I'm looking for suggestions to improve the performance of a bulk data import system I've built. Right now, it reads data from Excel files and performs insert and update operations across multiple tables in MySQL. The import program works fine for the logic but the performance needs help. It's taking over 6 hours to process 70,000 rows, which is only a fraction of the total data I need to handle as each file can have up to 500,000 rows. I've already imported around 4 million records, with 2-3 million more on the way. The tables I'm dealing with are fairly large, and I have multiple validations happening too. I've tried batching, chunking reads, and caching, but I'm stuck. How do you handle bulk imports efficiently? I'm using Laravel 10 and MySQL for this.
6 Answers
If your insertion is slowing down as your tables get larger, it could mean that your queries aren't using indexes properly, especially if you have constraints. Check your query plans to see if indexes are being utilized as needed. An alternative approach some take is to drop indexes and constraints during the bulk insert, then recreate them afterward.
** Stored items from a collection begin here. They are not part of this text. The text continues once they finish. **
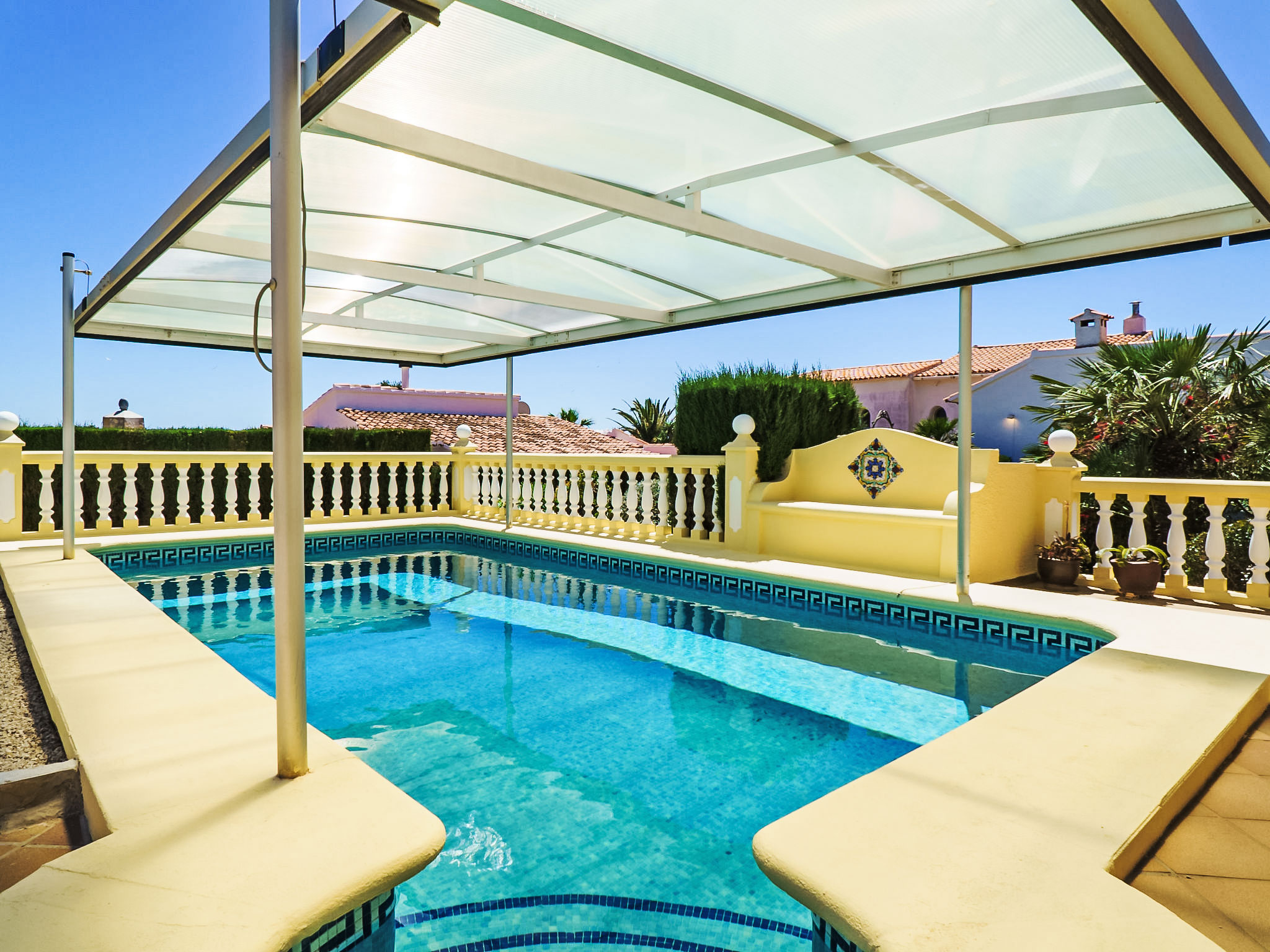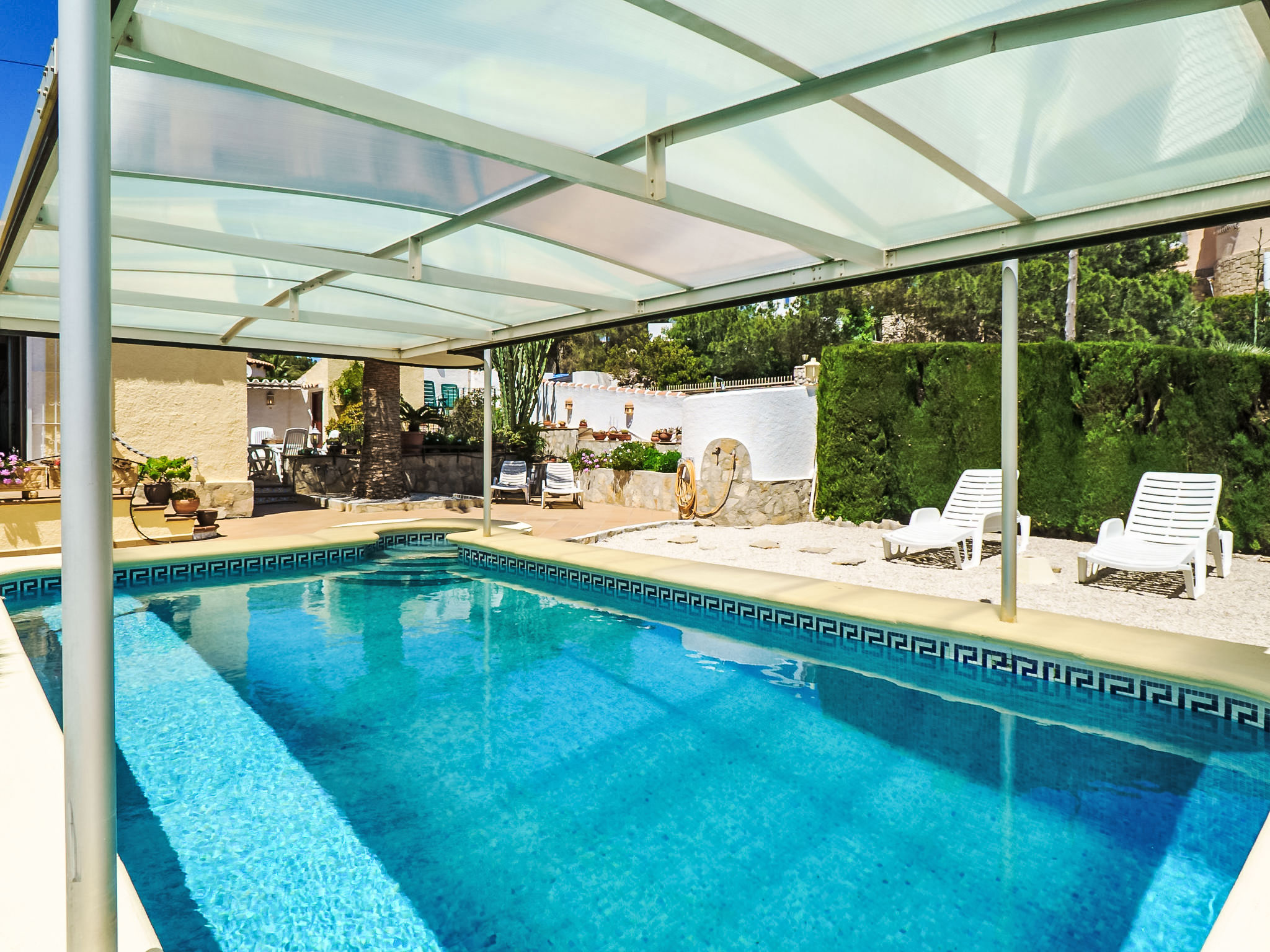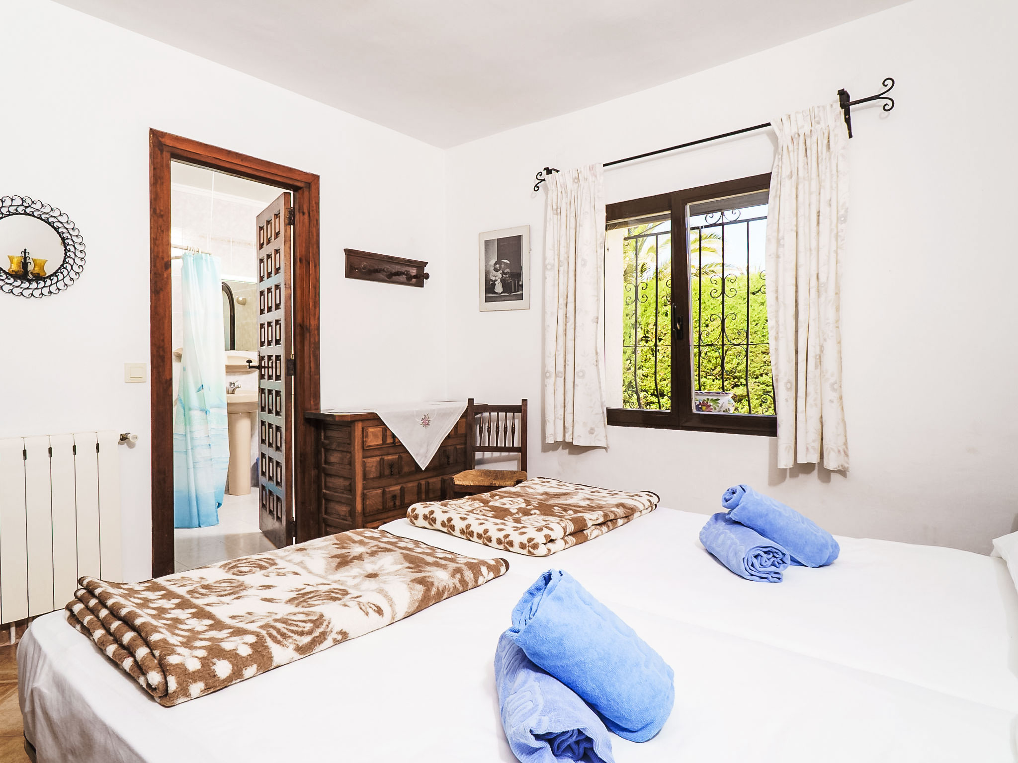 Einfamilienhaus "Pedro". Im Ortsteil Balcón al Mar, 6 km vom Meer. Zur Alleinbenutzung: Garten 1'200 m2 (eingezäunt) mit Pflanzen und Bäumen, Schwimmbad (4 x 8 m, 01.01.-31.12.) mit Innentreppe. Aussendusche. Im Hause: Dachterrasse, Zentralheizung. Supermarkt 1.6 km, Restaurant 800 m, Sandstrand "Arenal" 12 km. Tennis 1.6 km.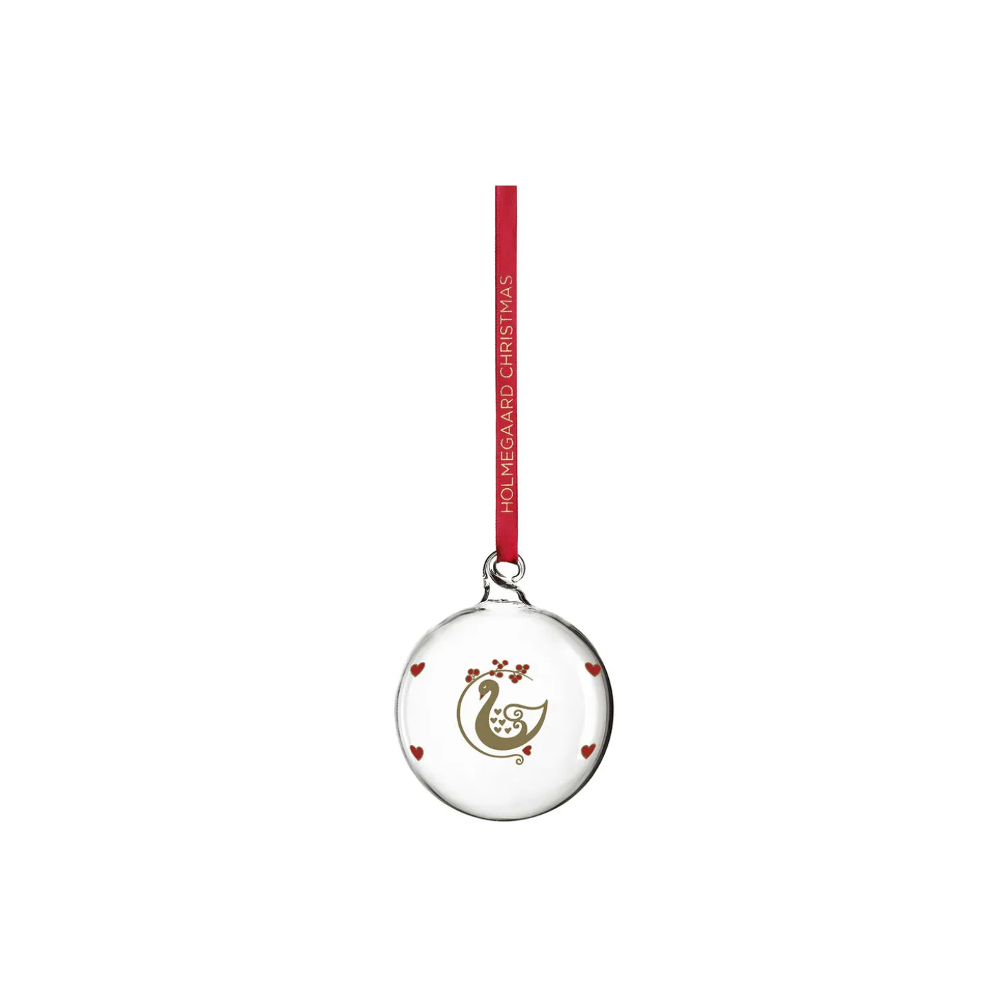 Holmegaard blev grundlagt i 1825. Og med årets glaspynt 2025 fejres 200-årsjubilæet for Holmegaard med udgangspunkt i svanen. Den stolte og elegante fugl er et symbol for Holmegaard, og sammen med små hjerter og en gren med røde vinterbær vil årets motiv smukt og dekorativt udstråle transformation, skønhed og skabe en atmosfære af poetisk glæde. Årets lille julekugle 2025 fra Ann-Sofi Romme er 6,5 cm i diameter og kommer som altid i mundblæst glas. Farverne er holdt klassiske i rød og guld og med en afsluttende metallisk finish, og de små, røde hjerter skaber en hyggelig stemning til hjerternes fest. Den grafiske dekoration er helt i tråd med både juletraditioner og tidens farvetrend med matchende røde silkesnore, der indbyder til ophæng på træet, i vinduet eller på grangrene rundtomkring i hjemmet sammen med resten af den nostalgiske serie. Med sin klassiske juleserie for Holmegaard har Ann-Sofi Romme skabt en enkel og original julefortælling, der for mange er forbundet med genkendelsens glæde og refleksioner over julens romantiske øjeblikke. Hvert år har hun fortalt videre på det juleeventyr, som hun begyndte med sin klokke for Holmegaard tilbage i 1993.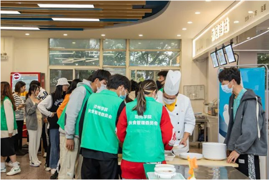 在名厨进高校活动现场,阳光宁、吕刚同与会领导嘉宾及高校师生代表齐聚学生食堂,共同体验了一场池州原生态新徽菜的视觉和味觉盛宴。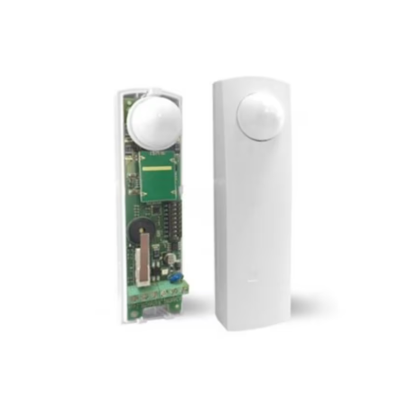 La sezione infrarossi è costituita da un PIR a due elementi, mentre la sezione microonde utilizza una cavità planare a 10 GHz, garantendo una rilevazione precisa e affidabile. Il sistema di acquisizione e elaborazione numerica assicura una copertura ottimale con riduzione dei falsi allarmi. La portata del sensore è regolabile da 2 a 3,5 metri, offrendo la massima flessibilità per l’installazione. Il dispositivo è dotato di protezione antiapertura, LED per il walk test e può essere installato in due modalità: dall’alto verso il basso oppure su un lato. La direzione di allarme è selezionabile e temporizzabile, con logica di funzionamento AND. Caratteristiche principali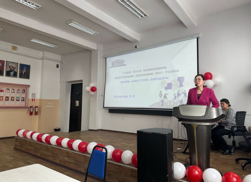 Итоговая конференция по педагогической практике 27 февраля 2025 года кафедрой специальной педагогики КазНПУ имени Абая была проведена итоговая конференция по педагогической практике студентов 3 курса (4 года), 2 курса (3 года) специальностей «6B01901-Специальная педагогика: Сурдопедагогика», «6B01902 - Специальная педагогика: Логопедия», «6B01903-Специальная педагогика: Олигофренопедагогика». Все студенты представили подробные отчеты о педагогической практике.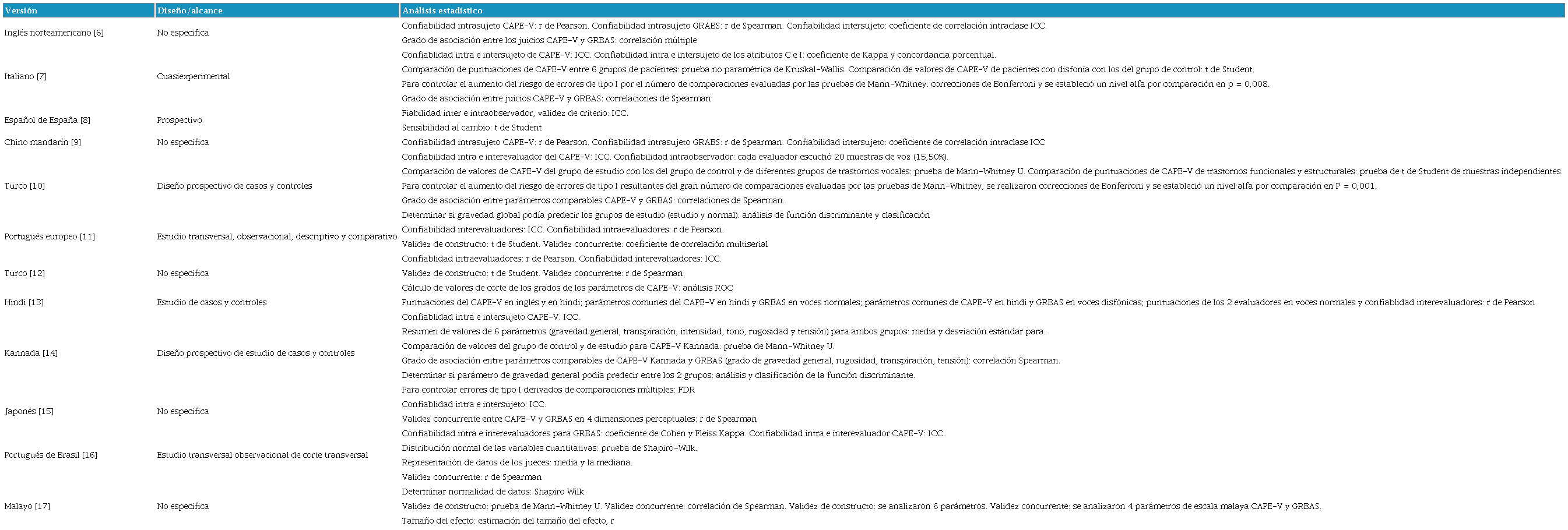 No obstante, todos los estudios analizados concluyen que la versión adaptada al idioma de CAPE-V es válida y confiable para ser utilizada en la evaluación perceptual de la voz en la respectiva población, los resultados de la revisión indican que existe gran heterogeneidad en la manera en que se llevaron a cabo la adaptación y la validación.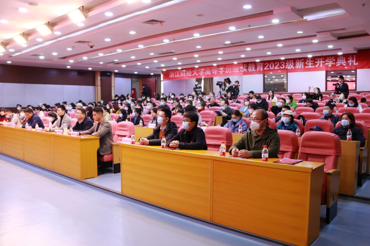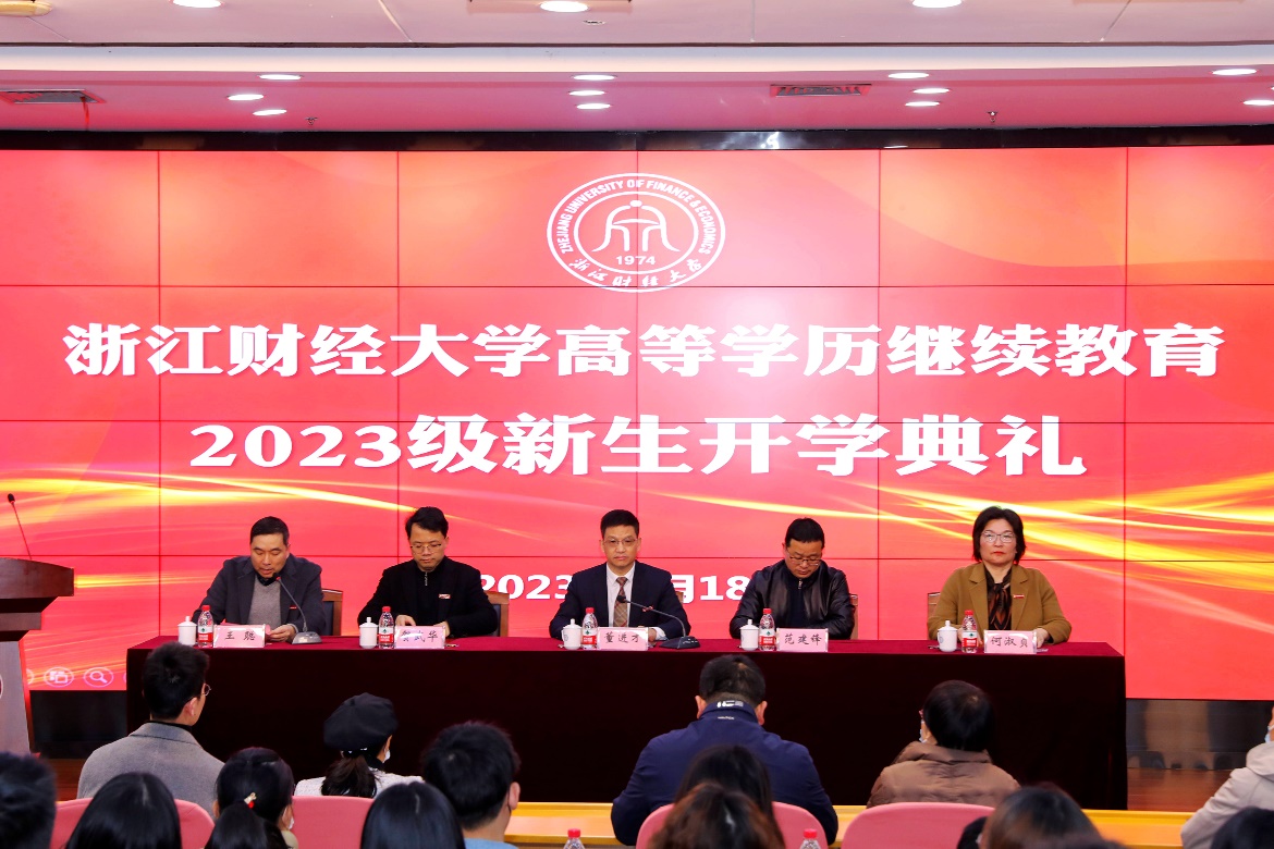 律回春晖渐,万象始更新。3月18日,我校高等学历继续教育2023级新生开学典礼在下沙校区以线上线下相结合的形式隆重举行。校党委委员、副校长董进才,党校办主任范建锋、教务处处长贺武华,伟德国际victor·1946源自院长何淑贞、党总支书记王聪、副院长蒋云兵出席典礼,校外教学点代表、教师代表和新生代表在学校主会场参加典礼,各教学点4000余名新生在线上收看直播。典礼由王聪主持。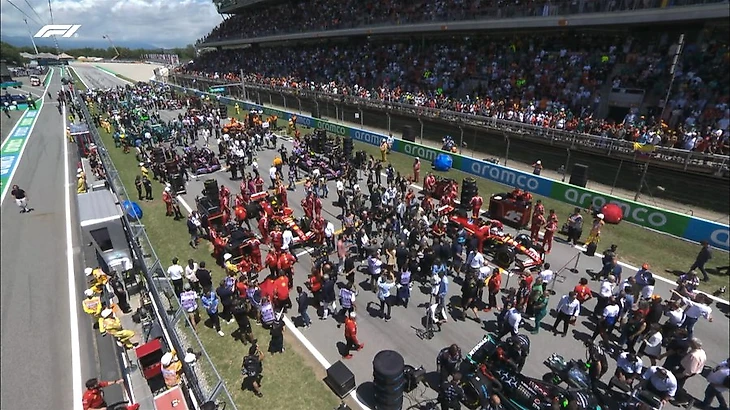 Команды готовятся к прогревочному кругу и началу гонки. А тем временем главный конструктор «Макларена» Роб Маршалл сказал, что преимущество в гоночных условиях на стороне «Ред Булл».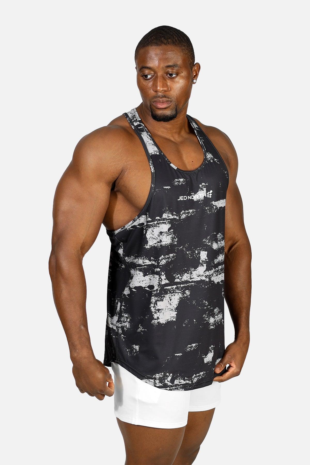 Graphic Muscle Stringer - Silver Brush Strokes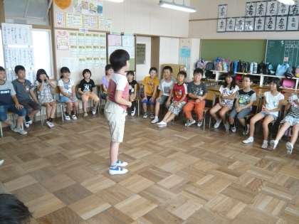 「いす取りゲーム」の勝ち残った子たちを代表して「アイム チャンピオン」ポーズを披露。みんな大笑い。続いて「何でもバスケット」を行いました。鬼になった子は,なかなかおもしろいことを言ってくれます。やっぱりみんなで笑うのは気持ちいいです。1時間たっぷり笑って楽しむことができました。これからも,チャレンジ目標を掲げ,みんなで励まし合って達成していきたいです。第2回のお楽しみ会は,いつできるかな?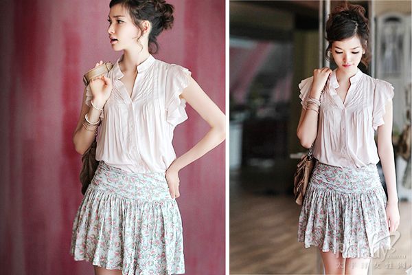 時尚點評:清新的淺藍(lán)色配上可愛的桃花印花圖案,清爽又不失甜美,腰部位置特別設(shè)計的皺褶助你塑造纖腰,裙子的下擺的帶出細(xì)膩的少女情懷,搭配淺粉荷葉邊襯衣帶給你甜美優(yōu)雅的感覺,他的眼光怎么可以從你身上移開呢?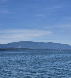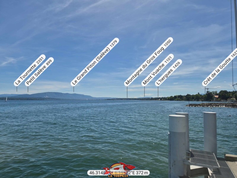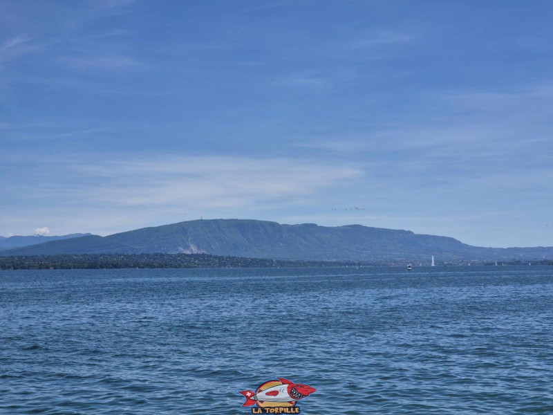 La vue direction Sud depuis le débarcadère de Coppet. Le Salève.

This can significantly reduce the load during import, but keep in mind it does risk data integrity while the indexes/constraints are gone.
It sounds like you're dealing with a pretty hefty load. Have you considered loading the entire read-only tables into memory? This could speed things up. Don't forget about batching inserts whenever possible! Also, using transactions can help to group operations together, speeding up writes.
Have you tried converting the Excel spreadsheets to CSV before importing? Sometimes reading CSVs can be faster than Excel files since it's more straightforward for the database to process them.
Have you profiled your code to see where the time is going? Tools for performance tuning on your database can be super helpful as well. It sounds like there's a bottleneck somewhere that needs to be sorted before you go down the batching and parallelism route.
Your performance issues sound like they could stem from committing too often. Frequent commits can be really costly in terms of performance. Batches of 250 seem a bit small for the volume you're dealing with; try increasing that. Also, make sure you're not locking queries unnecessarily at the database level. Have you thought about using a connection pool with multiple threads? 50 connections might help speed things up!
It’s definitely a trade-off when it comes to database performance during large insertions. Just be cautious of how you manage indexes and constraints; optimization can really make a difference!
I haven't loaded everything into memory yet because I'm worried about RAM usage. But I always batch inserts when I can, though I hit a wall because I need to use foreign keys from one table to insert into another.